Measures and trial outcomes
This is a caregiver-reported tool (17-items) designed to identify exposure to childhood adversity and stress factors that may lead to toxic stress and negative health outcomes. The number of endorsed events are summed up (0–4+) to identify risk level for toxic stress and potential symptomatology. The PEARLS is available in English and Spanish. It will be collected at baseline and at each time period. The tool has high face validity with validation phase comprised of cognitive interviews and item wording refinement with parents/caregivers, physicians, and clinic staff [6, 48].

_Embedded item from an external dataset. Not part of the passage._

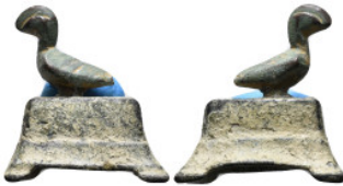
929 Roman Bronze bird statue 22,46 g - H 37,00 mm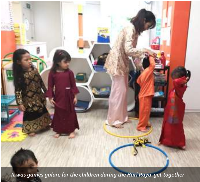
It was games galore for the children during the Hari Raya get-together

ACE-related health conditions checklist
This state-sponsored list includes 25 ACE-associated health conditions . Physical conditions include asthma, allergies, and unexplained somatic symptoms such as headaches. Mental health related conditions include aggression, depression, ADHD, and anxiety. This information will be obtained from the FQHC’s EMR system. Data will be collected at baseline and at each time period.
Pediatric Symptoms Checklist (PSC)
This is a caregiver-reported tool measuring children’s psychosocial functioning, which assesses externalizing, internalizing, attention problems, and parenting challenges . Parents select responses as “not at all” = 0, “somewhat” = 1, “and very much” = 2. A score of 9+ indicates child is “at risk and needs further evaluation.” Measure is taken at each time period of the pilot trial. See trial outcomes in Table 1.

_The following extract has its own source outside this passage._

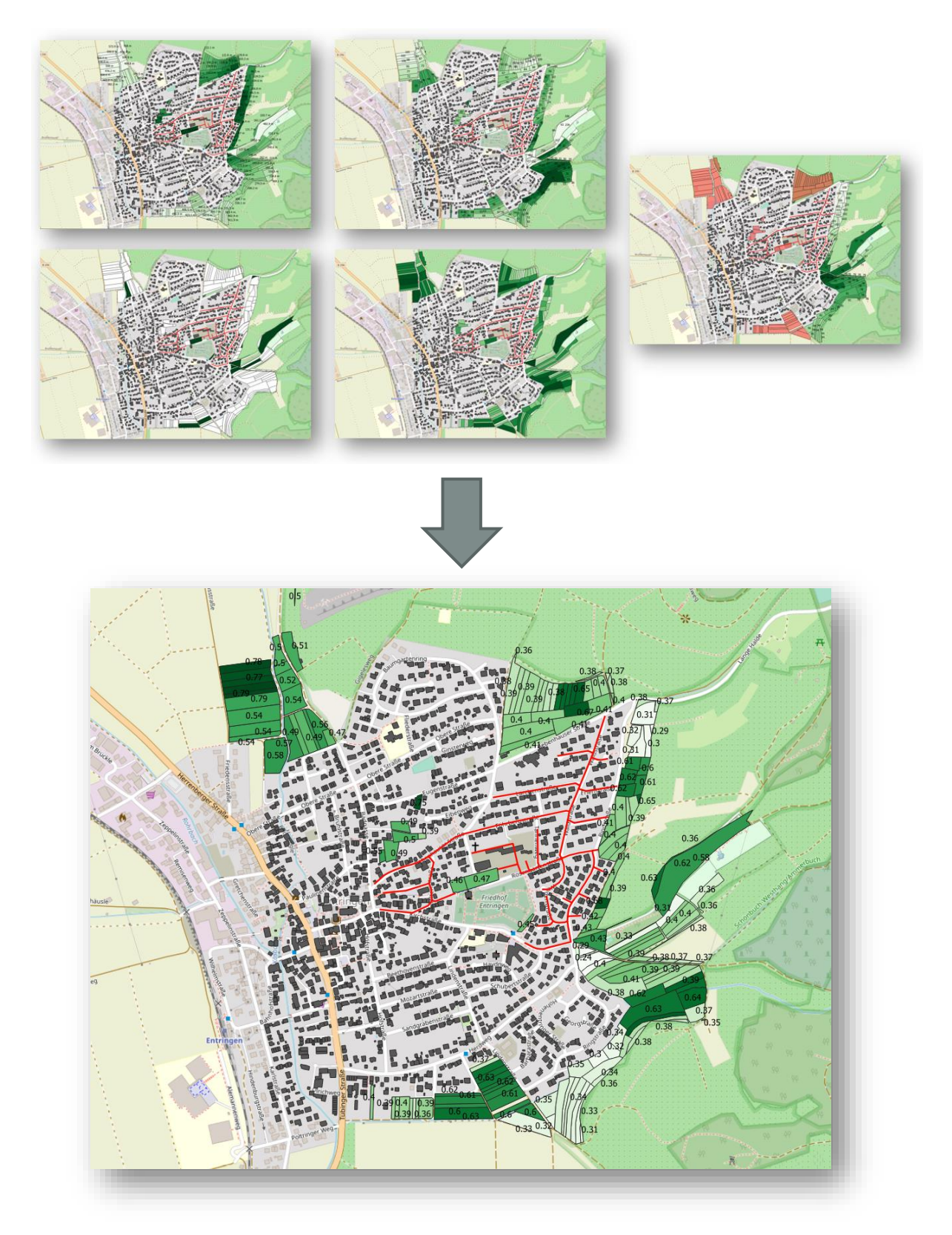
Figure 5: The results visualized as a map

For all criteria maps can be created. Of course, the result can also be visualized as a map afterwards (see following figures).

All data will be shared between the PI and partner FQHC through password-protected de-identified files that will be saved on a secured network at the PI’s institution to minimize risks.
Sample size and power calculations
The clinical trial was powered using the outcome measure of ACE screening “reach” using the approach as described in Hussey and Hughes . Power calculations were estimated for this pilot trial that is aiming to assess the feasibility and acceptability of the ACE implementation strategy and establish an effect size for the achieved ACE screening rate (trial reach) to be used for planning a larger definitive implementation and effectiveness trial. Selected clinics will offer sufficient flow of wellness child visits per month and number of service providers to reach the estimated sample size. The analysis assumes that the 5 clinics will implement the intervention with 6 steps (time periods lasting 10 weeks each) and the same minimum number of children per clinic will be seen during each step. The coefficient of variation for the generalized linear mixed model (GLMM) to be used in the analysis is assumed to be 0.5. Using summary data provided by our health care partner, an estimated 59 child health visits will occur at each clinic per 10-week time period. We used this sample size of 59 per clinic per trial step (n = 1770 total well-child visits), as well as a more conservative sample size of 30 per clinic per step (n = 900 total well-child visits), to estimate the minimum detectable differences in ACE screening rates at a power of 80% and testing at a 2-sided alpha = 0.05.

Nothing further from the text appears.